● **Assignment**: Quote all entries exactly, leaving pictures aside.

[Stored items from a collection]
──────

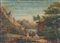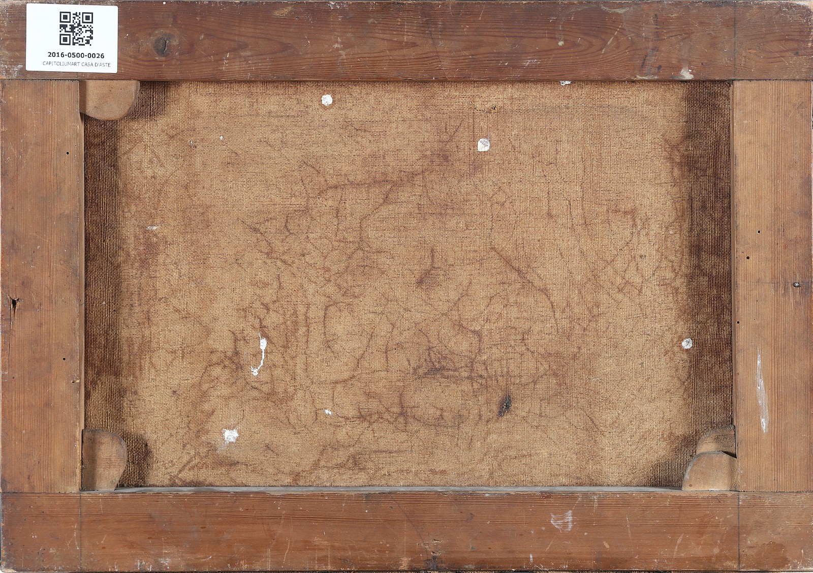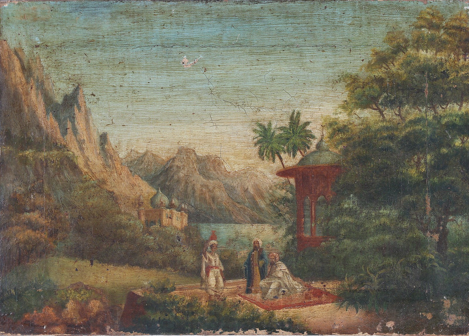 Olio su tela . . Cm 38,00 x 34,00. In un paesaggio ricco di vegetazione e caratterizzato da due edifici con cupole, si notano due uomini, seduti su un tappeto, ed un attendente che trasporta dell'acqua.
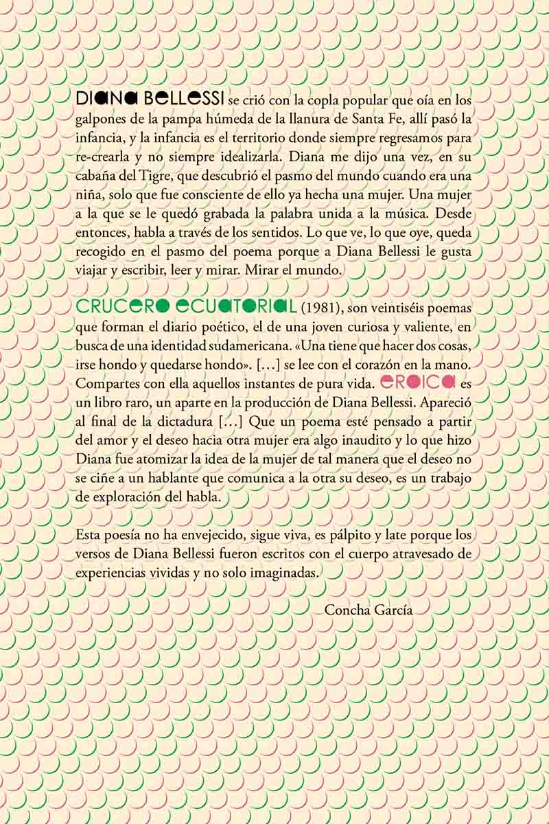 Y estos dos libros que reúne la editorial Sin Fin, Crucero ecuatorial (1980), seguido de Eroica (1988), arman un conjuro único. De la apertura a lo desconocido en un territorio geográfico nunca antes visto, a la apertura de lo desconocido en otro territorio, el del amor. La tierra desconocida a la que se entra aún con incertidumbre y miedo. Así, el ojo que descubre el paisaje que enciende el corazón, y así el cuerpo que descubre otro cuerpo como el propio. Una mujer que ama a una mujer.
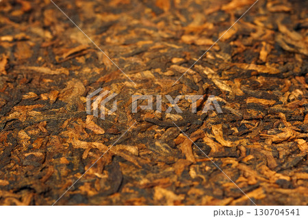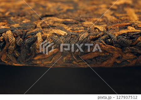 Close-up view of a puer tea cake reveals its intricate texture and rich color.
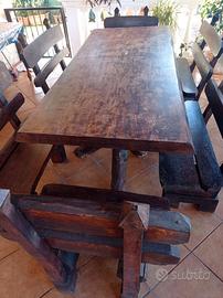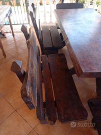 vendo tavolo in legno di castagno con sei panche grandi e due più piccole, misura cm 85x205
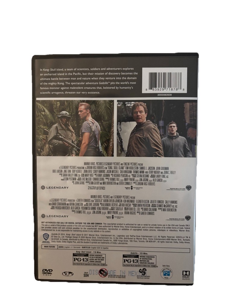 The Kong: Skull Island / Godzilla: 2-Film Collection on DVD features action-packed adventures from the King of Monsters and the iconic Kong. This thrilling set includes two films that will keep viewers on the edge of their seats, showcasing the powerful and legendary creatures in a mix of epic battles and heartwarming moments. With the Wea Int'l studio behind the production, fans can expect high-quality content and impressive visual effects that will bring these beloved characters to life on screen.
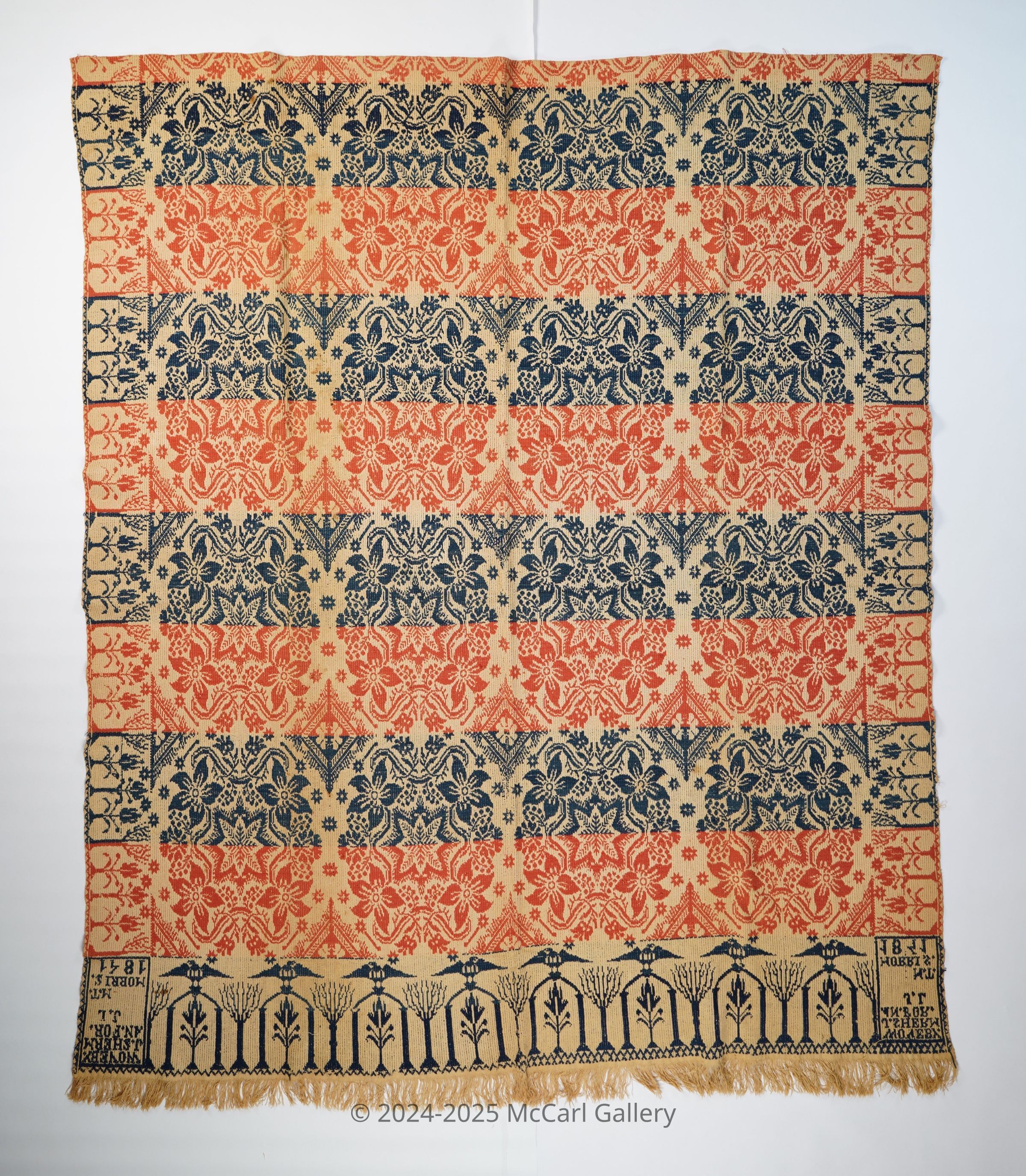 Red, navy, and natural figured tied beiderwand coverlet with border on three sides and self-fringe along bottom. Woven by Josiah Sherman for J.L. in Mount Morris in 1841.Collection

──────

● **Worked solution**:
 Olio su tela . . Cm 38,00 x 34,00. In un paesaggio ricco di vegetazione e caratterizzato da due edifici con cupole, si notano due uomini, seduti su un tappeto, ed un attendente che trasporta dell'acqua.
 Y estos dos libros que reúne la editorial Sin Fin, Crucero ecuatorial (1980), seguido de Eroica (1988), arman un conjuro único. De la apertura a lo desconocido en un territorio geográfico nunca antes visto, a la apertura de lo desconocido en otro territorio, el del amor. La tierra desconocida a la que se entra aún con incertidumbre y miedo. Así, el ojo que descubre el paisaje que enciende el corazón, y así el cuerpo que descubre otro cuerpo como el propio. Una mujer que ama a una mujer.
 Close-up view of a puer tea cake reveals its intricate texture and rich color.
 vendo tavolo in legno di castagno con sei panche grandi e due più piccole, misura cm 85x205
 The Kong: Skull Island / Godzilla: 2-Film Collection on DVD features action-packed adventures from the King of Monsters and the iconic Kong. This thrilling set includes two films that will keep viewers on the edge of their seats, showcasing the powerful and legendary creatures in a mix of epic battles and heartwarming moments. With the Wea Int'l studio behind the production, fans can expect high-quality content and impressive visual effects that will bring these beloved characters to life on screen.
 Red, navy, and natural figured tied beiderwand coverlet with border on three sides and self-fringe along bottom. Woven by Josiah Sherman for J.L. in Mount Morris in 1841.Collection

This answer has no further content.